Two sandwiches stand out above the rest, though. The traditional Lox - salt-cured salmon with capers, red onion, and cream cheese - is salty, simple, and satisfying. Much less traditional (but still very simple) is the Labneh, with tomatoes, cucumbers, and earthy za’atar. The tangy labneh and sweet tomatoes make it something we’d eat three times a week, and for $8, we could probably justify doing so.

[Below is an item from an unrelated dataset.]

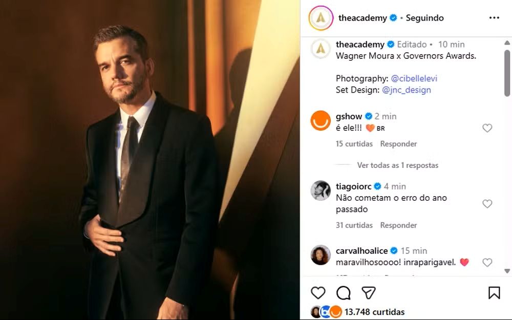 巴西“G1”网站报道,11月16日,瓦格纳出席了奥斯卡学院(The Academy)举办的州长奖颁奖典礼。该活动向包括汤姆·克鲁斯(Tom Cruise)在内的多位影人颁发了荣誉奖项。次日,奥斯卡学院在社媒Instagram的官方账号发布了瓦格纳的独照,引爆评论区,大量来自巴西的网民热情留言。

New Yorkers do a lot of things well, like taking public transportation and learning to live in tiny spaces. They make pretty good bagels, too. It just doesn’t matter, because we live in Los Angeles - and we’ve got Maury’s.

Food Rundown

Jakob Layman
Lox

The deli classic is our favorite thing here. The cured salmon is saltier than the ocean, and more beautiful than open sea.

Jakob Layman
Sable

Smoked black cod sounds like something you’d order for $68 at a restaurant you only go to when your boss is paying. But you can get it at Maury’s anytime you want, and it’s probably better than the $68 version.

Jakob Layman
The Mori

We’re not going to tell you to spend $22 on a bagel. But if this special is available, and you feel like balling out a bit, get The Mori. The price will seem downright reasonable once you taste the lox and wasabi tobiko on top.

Labneh

This open-faced bagel is incredibly simple - and pretty incredible in general. Make it your first move here if you don’t feel like smoked fish.

Jakob Layman
Kippered Salmon

This hot-smoked fish is smokier and moister than any of the others, and we love it as an open-face sandwich, because you get a little extra fish taste.

Jakob Layman
Avocado

We’ll never know why avocado and cream cheese go so well together - they’re so similar, we’d think it would be too mushy. But this is a great combination.